### Work to be completed
In the records below, find the line with "餐厅左侧打了一排的餐边柜,中" and the line with "সরকারি নির্দেশনা মোতাবেক"; return exactly those lines and every line between them.

### Data listing
.....

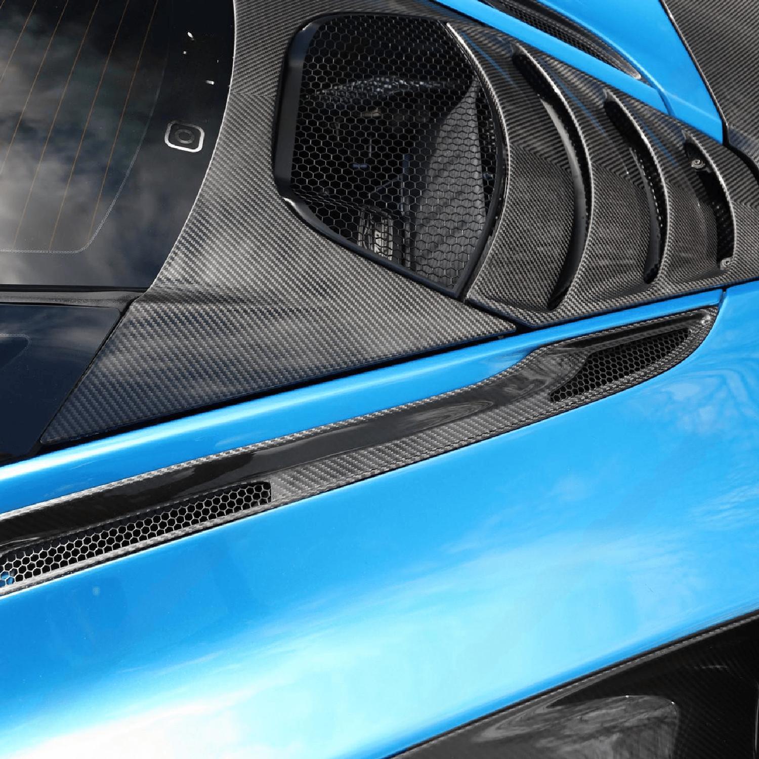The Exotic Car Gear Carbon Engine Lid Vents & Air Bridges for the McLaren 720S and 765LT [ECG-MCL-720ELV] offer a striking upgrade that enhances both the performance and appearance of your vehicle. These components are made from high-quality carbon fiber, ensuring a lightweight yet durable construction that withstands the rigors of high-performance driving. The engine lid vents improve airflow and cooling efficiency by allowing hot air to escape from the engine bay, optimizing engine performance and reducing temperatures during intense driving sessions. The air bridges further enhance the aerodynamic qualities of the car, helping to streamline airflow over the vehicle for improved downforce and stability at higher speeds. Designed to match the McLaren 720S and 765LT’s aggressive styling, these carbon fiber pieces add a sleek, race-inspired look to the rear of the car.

.....

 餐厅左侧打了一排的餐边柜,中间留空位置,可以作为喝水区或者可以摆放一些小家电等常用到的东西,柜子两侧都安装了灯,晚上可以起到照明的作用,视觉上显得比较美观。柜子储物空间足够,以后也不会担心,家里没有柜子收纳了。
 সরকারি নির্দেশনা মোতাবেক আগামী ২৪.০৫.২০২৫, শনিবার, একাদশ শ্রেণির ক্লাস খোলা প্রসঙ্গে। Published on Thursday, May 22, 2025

.....

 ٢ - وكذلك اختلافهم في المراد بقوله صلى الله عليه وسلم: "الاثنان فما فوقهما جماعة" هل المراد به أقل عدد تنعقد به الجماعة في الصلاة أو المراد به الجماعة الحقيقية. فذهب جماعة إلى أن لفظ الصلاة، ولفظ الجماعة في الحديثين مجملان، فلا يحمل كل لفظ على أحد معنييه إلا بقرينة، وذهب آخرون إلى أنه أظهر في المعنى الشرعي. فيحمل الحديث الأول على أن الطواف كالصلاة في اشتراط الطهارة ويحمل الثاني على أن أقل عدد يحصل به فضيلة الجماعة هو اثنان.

.....

### Written response
 餐厅左侧打了一排的餐边柜,中间留空位置,可以作为喝水区或者可以摆放一些小家电等常用到的东西,柜子两侧都安装了灯,晚上可以起到照明的作用,视觉上显得比较美观。柜子储物空间足够,以后也不会担心,家里没有柜子收纳了。
 সরকারি নির্দেশনা মোতাবেক আগামী ২৪.০৫.২০২৫, শনিবার, একাদশ শ্রেণির ক্লাস খোলা প্রসঙ্গে। Published on Thursday, May 22, 2025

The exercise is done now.